**Task**
Look through the listing below and write out exactly the lines from the line with "This deep green" to the line with "おふたりさん、どちらも安定感があると言うか 貫禄があると言うか、今 雪が降ったら", both included, and no others.

**Records for this task**
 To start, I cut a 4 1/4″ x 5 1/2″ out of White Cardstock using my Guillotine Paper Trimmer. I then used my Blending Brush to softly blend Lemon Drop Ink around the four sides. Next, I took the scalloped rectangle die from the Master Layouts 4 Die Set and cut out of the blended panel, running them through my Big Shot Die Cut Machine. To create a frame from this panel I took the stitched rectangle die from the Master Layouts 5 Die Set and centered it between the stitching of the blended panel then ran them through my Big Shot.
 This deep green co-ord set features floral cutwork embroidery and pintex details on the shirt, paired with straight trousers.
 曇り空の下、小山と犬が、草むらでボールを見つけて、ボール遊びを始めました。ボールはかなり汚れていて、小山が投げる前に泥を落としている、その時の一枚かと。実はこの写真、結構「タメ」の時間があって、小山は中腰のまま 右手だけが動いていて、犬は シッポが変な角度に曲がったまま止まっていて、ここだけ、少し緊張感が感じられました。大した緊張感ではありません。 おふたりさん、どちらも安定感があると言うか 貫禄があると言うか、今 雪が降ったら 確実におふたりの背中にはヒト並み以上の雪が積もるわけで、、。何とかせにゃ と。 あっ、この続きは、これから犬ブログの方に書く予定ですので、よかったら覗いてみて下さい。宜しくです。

* * *

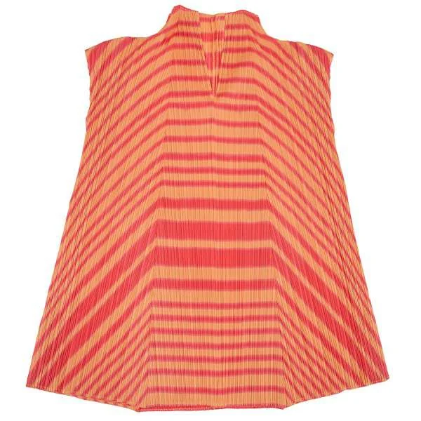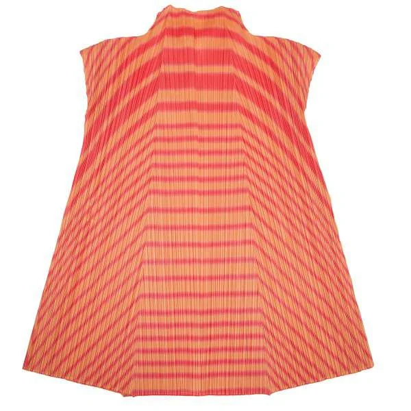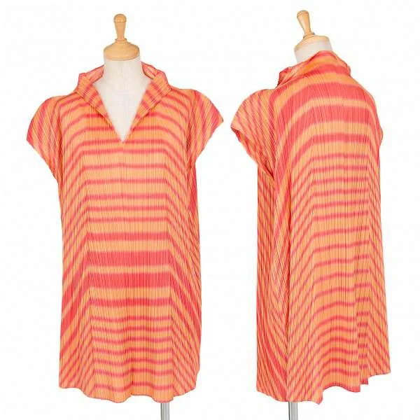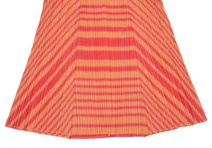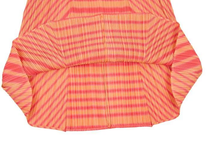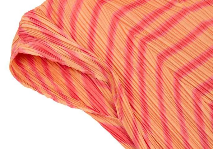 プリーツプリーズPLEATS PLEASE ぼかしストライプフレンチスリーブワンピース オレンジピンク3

**Reply to the task**
 This deep green co-ord set features floral cutwork embroidery and pintex details on the shirt, paired with straight trousers.
 曇り空の下、小山と犬が、草むらでボールを見つけて、ボール遊びを始めました。ボールはかなり汚れていて、小山が投げる前に泥を落としている、その時の一枚かと。実はこの写真、結構「タメ」の時間があって、小山は中腰のまま 右手だけが動いていて、犬は シッポが変な角度に曲がったまま止まっていて、ここだけ、少し緊張感が感じられました。大した緊張感ではありません。 おふたりさん、どちらも安定感があると言うか 貫禄があると言うか、今 雪が降ったら 確実におふたりの背中にはヒト並み以上の雪が積もるわけで、、。何とかせにゃ と。 あっ、この続きは、これから犬ブログの方に書く予定ですので、よかったら覗いてみて下さい。宜しくです。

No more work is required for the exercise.